The Florida Lottery defended a long-term contract for ticket sales in a Tallahassee courtroom Thursday, pushing back at a House lawsuit contending the agency had overstepped its authority.
Attorney Barry Richard, an outside lawyer representing the lottery, told Leon County Circuit Court Judge Karen Gievers the state agency did nothing wrong in signing the contract with IGT Global Solutions Corp.
The House argues the agreement illegally obligates the Legislature to spend money that it hasn’t yet agreed to shell out.
Richard said the contract, like many signed by state agencies, specifically says the money due to IGT will only be spent if the Legislature sets the funds aside in the state budget.
“This contract does not contract to spend any monies in excess of the amount appropriated because it says that no monies will be spent unless they are appropriated by the Legislature,” he said.
Gievers set another hearing in the case for March 6, the day before the 2017 legislative session begins, with an eye toward getting key witnesses on the stand before lawmakers convene.
After the hearing, Richard told reporters he was perplexed by the lawsuit. He said by signing a multiyear contract, the lottery had actually saved the state money.
“I’m at a loss to understand why we’re doing this,” he said.
But House Speaker Richard Corcoran, one of the main critics of the deal, said the agency’s defense of the contract wasn’t good enough.
“I don’t think they have the right to even do that,” Corcoran, R-Land O’Lakes, said during a news conference Thursday afternoon.
“Agency heads don’t have the right to go around and enter into all kinds of contracts beyond the appropriation authority given to them by the Legislature simply by having a line that says, `if we get approval,’” he said.
The dispute revolves in part around a section of state law requiring that any long-term deal by an agency include the phrase: “The State of Florida’s performance and obligation to pay under this contract is contingent upon an annual appropriation by the Legislature.”
However, the language doesn’t specifically address what happens if the contract calls for the state to spend more money than the Legislature has set aside for a given purpose in any prior year, a key part of the House’s argument against the case.
Lottery Secretary Tom Delacenserie signed the contract with IGT in September.
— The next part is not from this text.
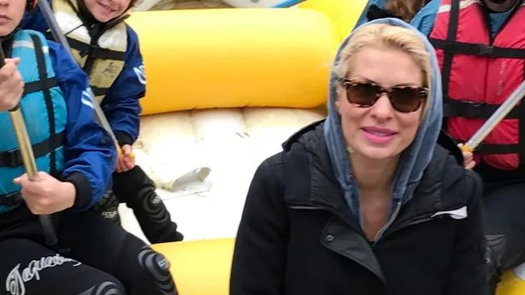 Η Ελένη Μενεγάκη σε μια αναμνηστική φωτογραφία από το rafting που έκανε με τα παιδιά της

The pact initially ran until 2028 and was essentially immediately extended to 2031 under an option.
The deal also changed the way in which the vendor was paid. In the past, the lottery has paid a fixed amount to deploy and administer each machine.
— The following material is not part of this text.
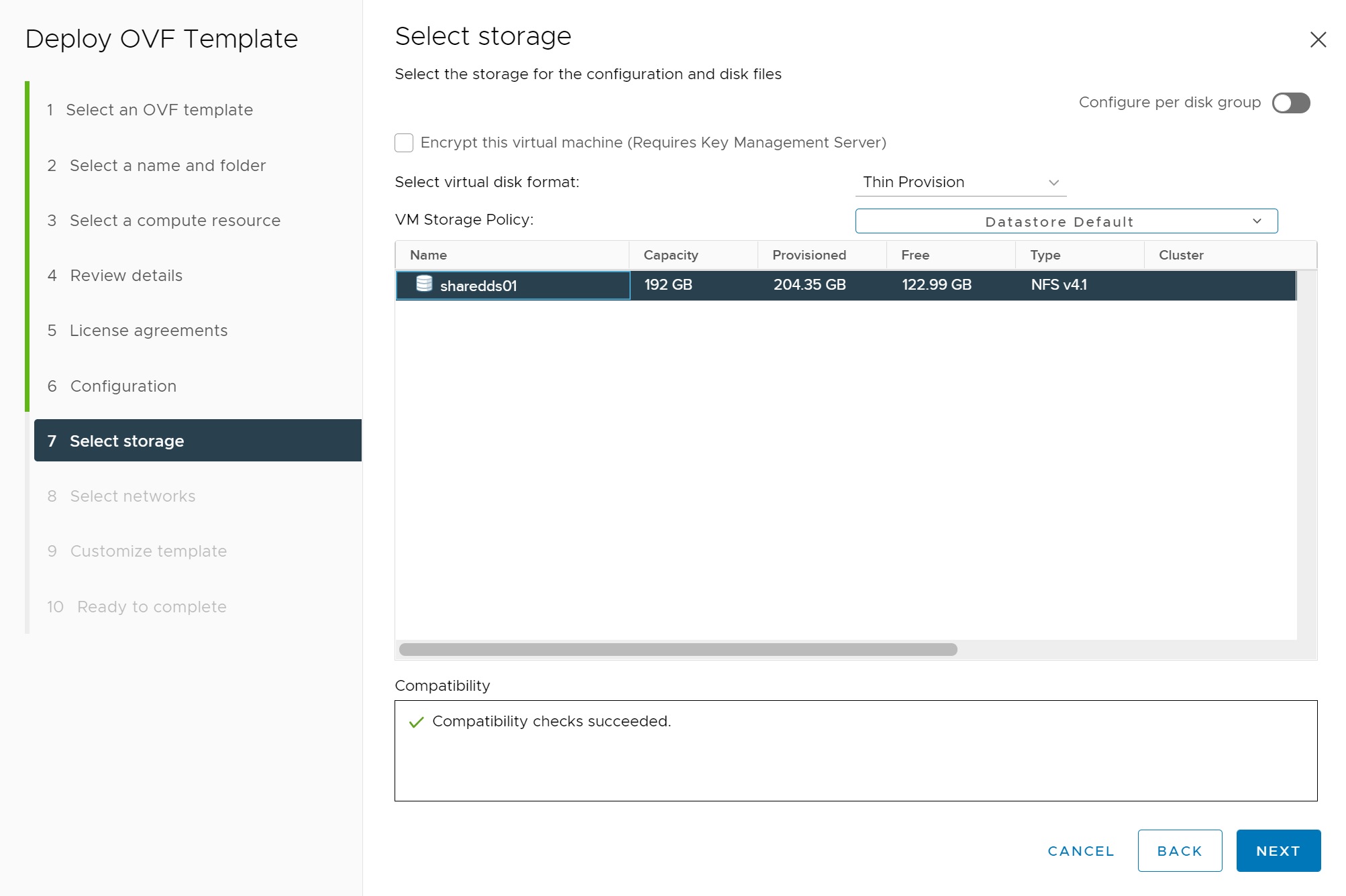 Next we select the storage policy, this is where the tag we created earlier comes into play, by using the tag on the sharedds01 datastore it will be picked up as a usable datastore.

Under the new deal, IGT will get a slice of the sales of tickets, machines and other services.
Based on projected sales, that would boost the amount the lottery needs to pay for the contract by $12.9 million in the budget year that begins July 1, according to the House.
The House says state law requires an agency to receive permission from the Legislature before signing a contract that would spend more money in an area of the budget — even in future years — than lawmakers have already allocated for that area.
But Thursday, Richard told Gievers the House’s argument would actually infringe on the agency’s right to make contracts, under the separation of powers doctrine.
“What the Legislature cannot do is to decree that it must approve every contract,” he said. “Because that places the Legislature in the position of performing a quintessential function of the executive branch.”
The legal fight over the lottery has played into a wider feud between Corcoran and Gov. Rick Scott. Last week, a spokeswoman for Scott responded to the suit by calling the speaker “a trial lawyer” — an epithet in Republican politics.